Lots of formatting improvements were made to the report:
- The quality distribution plot now use Matplotlib’s RdBu colormap. Like the old colormap, it goes from red to blue via white, but is much clearer visually.
- Tables now have zebra-style coloring and mouse-over coloring to clearly distinguish rows.
- The base content plot now uses a green and blue color scheme for GC and AT bases respectively. Previously it was red and blue.
- Sans-serif fonts used throughout the report.
- Explanation paragraphs are now in a smaller font and italic to visually distuingish them from data generated specifically for the sequencing file.
- Plots are now rendered in sans-serif rather than monospace fonts.
- Minor formatting, spelling and style issues were fixed.
The programs CLI help messages have been improved by clearer phrasing, better metavar names and consistent punctuation.
The reverse complement of the canonical sequence is included in the overrepresented sequences table.
Make the number of threads configurable on the command line.
Fix build errors on windows

version 0.1.0 

In order to get overrepresented sequences across the entire read, reads are cut into fragments of 31 bp which are stored and counted. If the fragment store is full, only already stored sequences are counted. One in eight reads is processed this way.
Add fingerprint-based deduplication estimation based on a technique used in filesystem deduplication estimation.
Add a BAM parser to allow reading dorado produced unaligned BAM as well as already aligned BAM files.
Guess sequencing technology from the file header, so only appropriate adapters can be loaded in the adapter searcher. This improves speed.
Make an assortment of nanopore adapter probes that make it possible to distuinghish between nannopore adapters despite the nanopore adapters having a lot of shared subsequences.
Add a module to retrieve nanopore specific information from the header.
Classify overrepresented sequences by using NCBI’s UniVec database and an assortment of nanopore adapters, ligation kits and primers.

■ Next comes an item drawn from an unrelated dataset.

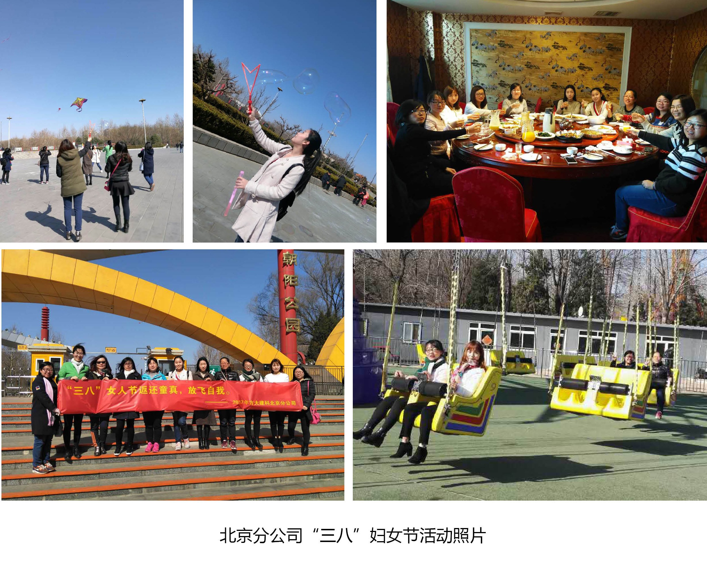 在北京,北京分公司的每位女員工們節(jié)日當(dāng)天一大早就收到了公司精心準(zhǔn)備的一束玫瑰花;中午下班后女員工們?cè)诓妥郎淆R聚一堂,舉杯慶祝,祝愿彼此節(jié)日快樂,共度美好時(shí)光;下午,北京分公司的女員工一同前往朝陽公園踏青游玩,在藍(lán)天白云下,放風(fēng)箏,吹泡泡,在游樂場體驗(yàn)著驚險(xiǎn)刺激的項(xiàng)目,玩的不亦樂乎。

Estimate duplication fractions based on counted unique sequences.
Add a JSON report
Add a progressbar powered by tqdm.
Implement a custom parser based on memchr for finding newlines.
Count overrepresented sequences using a hash table implemented in C.
Add a per tile sequence quality module.
Count adapters using a fast shift-AND algorithm.
Create diverse graphs using pygal based on the count matrix.
Implement base module using an optimised count matrix.